Née en 1891 et décédée en 1978, Lili Kagan, épouse Brik, est un témoin capital de tous les bouleversements survenus en Russie au début du vingtième siècle. Ses souvenirs, égrenés lors d'entretiens avec
Carlo Benedetti valent pour son évocation de l'existence difficile menée pendant la guerre, au moment de la révolution de 1917 et pendant les premières années de l'URSS jusqu'en 1930 ! - année où s'arrête la relation de sa vie - année du suicide de Maïakovski, le poète, son grand amour !
Ses souvenirs, c'est d'abord et avant tout sa vie avec Maïakovski ! Rencontré en 1915 alors qu'il avait une aventure amoureuse avec sa soeur
Elsa Kagan (pas encore
Triolet et encore moins compagne d'
Aragon)
Lili Brik a partagé dix ans d'existence avec lui.
"Cette "très heureuse date" marqua le commencement d'un long amour qui connut d'autres rencontres mais resta toujours "immuable et fidèle", comme une source profonde :"Si jamais j'ai écrit chose qui vaille écrira Maïakovski en 1927, c'est à cause du ciel des yeux/des yeux de ma bien-aimée", des yeux "brûlants à charbonner" ; "ses grands yeux marrons sont pressés par l'enflure de la faim..." ; mais "de la verdure et des caresses ils surgissent à nouveau. Plus grands que des soucoupes ils regardent la révolution".
Maïakovski était un personnage hors normes. Grand, massif, beau, séduisant, électrisant ses auditeurs, emplissant tout l'espace dans lequel il se mouvait :
"Il sortit de la poche de sa veste un mince cahier, lui jeta un coup d'oeil rapide, puis le reposa. Il sembla réfléchir un instant. Ensuite, il parcourut la pièce du regard comme s'il avait eu devant lui un auditoire nombreux, récita le prologue puis, d'une voix étouffée et inoubliable, comme parlant en prose, demanda :"vous prenez cela pour le délire de la malaria ? C'est arrivé, c'est arrivé à Odessa".
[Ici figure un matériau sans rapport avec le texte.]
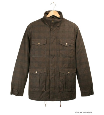 Cette pièce se distingue par son coloris extérieur "Baron", arborant une impression à petits carreaux (marron foncé et marron clair). L'esthétique est rehaussée par des surpiqûres contrastées couleur beige cuivré, apportant une touche de raffinement. La fermeture centrale est assurée par un zip robuste dissimulé sous une patte à boutons-pression, garantissant une isolation optimale contre le vent.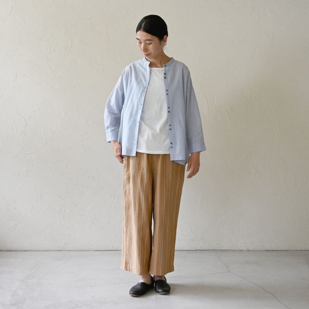 薄手で透け感のあるスラブ生地は、風をふんわり含んで涼しく、真夏でも快適。太さにムラのあるスラブ糸が生み出す、絣のような奥行きのある表情もポイントです。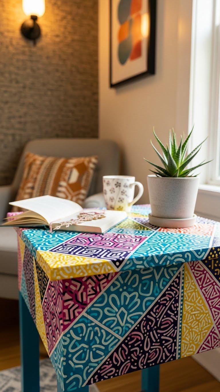 After the pendant sets the mood overhead, shift your eye to smaller surfaces—like a handpainted side table that injects color and personality at eye level. You’ll pick handpainted motifs that speak to you, combine daring hues, and use geometric stenciling for crisp rhythm. It’s practical: add a protective seal, swap styles freely, and let this tiny canvas anchor a room you truly own.
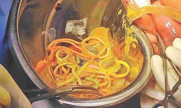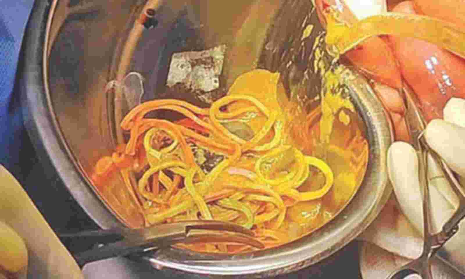 യുവതിയുടെ വയറ്റിൽ കണ്ടെത്തിയത് 41 റബ്ബർബാൻഡുകൾ. വയറുവേദനയെത്തുടർന്ന് വിവിധ ആശുപത്രിയിൽ ചികിത്സതേടിയെങ്കിലും മാറ്റമുണ്ടാകാത്തതിനെത്തുടർന്ന് നാലുദിവസം മുൻപാണ് നാൽപ്പത് വയസ്സുകാരി, പാറശ്ശാല സരസ്വതി ആശുപത്രിയിൽ ചികിത്സയ്ക്കെത്തിയത്. സ്കാനിങ്ങിൽ ചെറുകുടലിലെ തടസ്സമാണ് വയറുവേദനയ്ക്ക് കാരണമായതെന്നു വിദക്തർ കണ്ടെത്തി. തുടർന്ന് രോഗിയെ അടിയന്തര ശസ്ത്രക്രിയയ്ക്കു വിധേയമാക്കി. ശസ്ത്രക്രിയയിൽ ചെറുകുടലിനുള്ളിൽ കാണപ്പെട്ട മുഴ തുറന്നുനോക്കിയപ്പോഴാണ് റബ്ബർബാൻഡുകൾ ഒന്നിനോടൊന്ന് ചേർന്ന് പന്തുപോലെ കണ്ടെത്തിയത്. 41 റബ്ബർബാൻഡുകളാണ് ആരോഗ്യവിദക്തർ നീക്കം ചെയ്തത്. സ്വകാര്യ സ്ഥാപനത്തിൽ ജോലിചെയ്യുന്ന യുവതിയ്ക് റബ്ബർബാൻഡ് വായിലിട്ട് ചവയ്ക്കുന്ന ശീലം ഉണ്ടായിരുന്നതായി ബന്ധുക്കൾ പപറയപ്പെടുന്നു. റബ്ബർബാൻഡ് വിഴുങ്ങി ഇത്തരം അവസ്ഥയുണ്ടാകുന്നത് വളരെ അപൂർവമാണെന്ന് ആശുപത്രി മേധാവി ഡോ. എസ്.കെ. അജയ്യകുമാർ വ്യക്തമാക്കി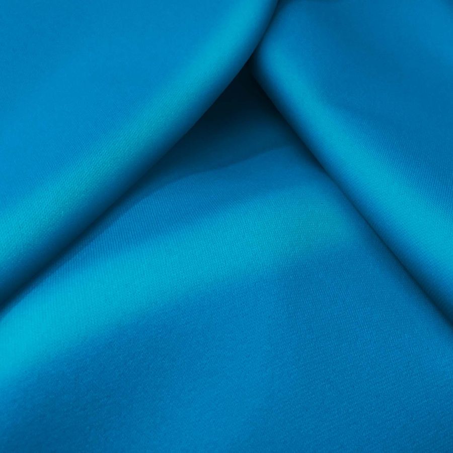 La tela base de esta prenda es la Sarga Bielástica - Lisboa, compuesta por un 97% de poliéster y un 3% de elastano, con un gramaje de 209 gr/m2 y un ancho de 150 cm. El color liso impreso es el Azul Phthalo, con un CMYK de 84 42 0 0. Este color es un azul brillante y luminoso, que se combina especialmente bien con tonos verdes y turquesas.

Nous étions incapables de quitter des yeux ce prodige. Maïakovski garda la même attitude jusqu'à la fin de la déclamation, les yeux dans le vide. Il se lamentait, s'indignait, suppliait, faisait l'important, jouait l'hystérie, marquait les pauses nécessaires."
C'est ainsi que
Lili Brik entendit pour la première fois "le nuage en pantalon".
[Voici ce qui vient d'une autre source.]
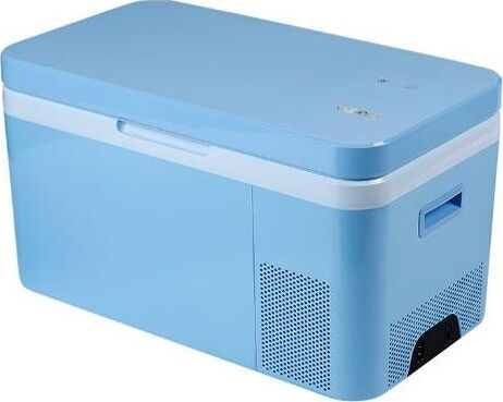 Мобильный холодильник компрессорный. габариты 34,5х58х32,5см. Температура хранения от -18 до +20 °C. Общий объем, 24л. Цвет Голубой. Класс энергоэффективности A++. Управление электронное.Суточный расход электроэнергии, при температуре окружающего воздуха 24°C, 0.186кВтч. Вес, 11,2 кг. Дисплей. Инверторный компрессор.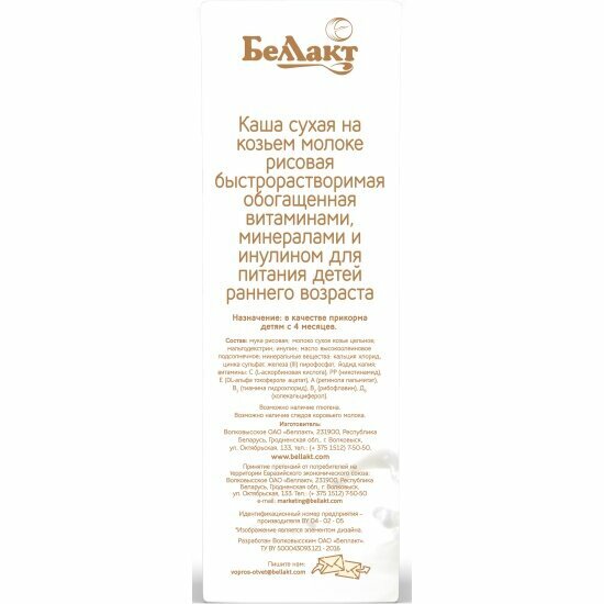 Каша Беллакт рисовая на козьем молоке 200 г интересное:
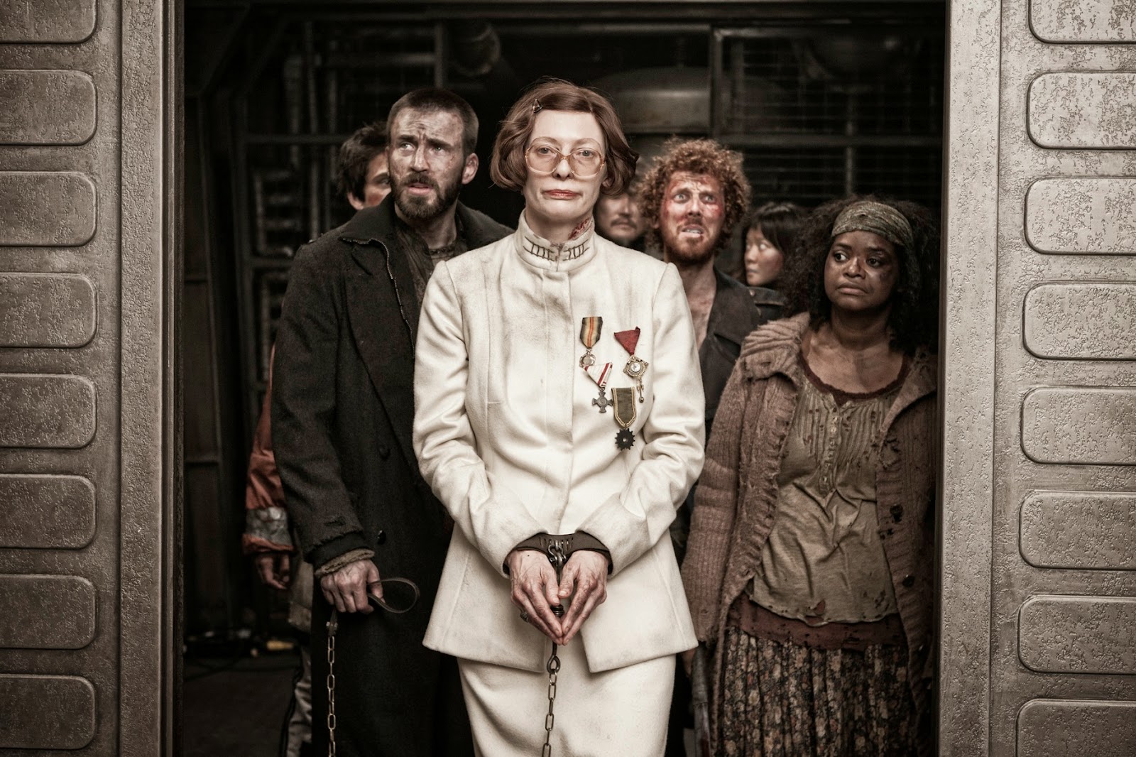 With their team in place, the rebels thus begin their ascent to the front of the train. Their efforts, however, are met with numerous challenges, including resistance from armed guards led by a ruthless commander (Stephen Park), the strong-arm tactics of a pair of sadistic henchmen (Vlad Ivanov, Adnan Haskovic), the platitudinous but menacing threats of one of Wilford’s chief minions, Mason (Tilda Swinton), and even the seemingly benign but decidedly deadly acts of a school teacher to the children of the elite (Alison Pill). But the insurgents’ resolve is so strong that there’s precious little that will hold them back. And, as they make their way forward, they discover an amazing world of wonder aboard the train that they never knew existed (and probably never even envisioned). However, the closer the rebels get to reaching their goal, the more one can’t help but wonder, will they attain it? And, if so, then what? Indeed, what ensues will inevitably surprise everybody, including those both on and off the screen.

Dix ans durant, Maïakovski dédiera ses poèmes à "Lilia". Tous deux partagèrent existence quotidienne difficile, exaltation des rencontres avec Pasternak, Bourliouk, Kamenski et tant d'autres, expériences dans le domaine du cinéma, confection du journal mural la Rosta ....
Maïakovski s'est suicidé en 1930. Il avait trente-sept ans.
Pourquoi ce suicide ?
D'après
Lili Brik :" Maïakovski aimait frénétiquement la vie sous toutes ses formes. Il aimait la révolution, l'art, le travail, moi, les femmes, le hasard, l'air qu'il respirait. Son admirable énergie venait à bout de tous les obstacles... Mais il savait qu'il n'aurait pas pu triompher de la vieillesse et il l'attendait avec une horreur morbide depuis son plus jeune âge."
"Lili aime-moi" a t-il écrit dans sa lettre d'adieu.
"Bien des années se sont écoulées depuis la mort de Volodia."Lili, aime-moi". Je l'aime. Tous les jours il me parle à travers ses poèmes."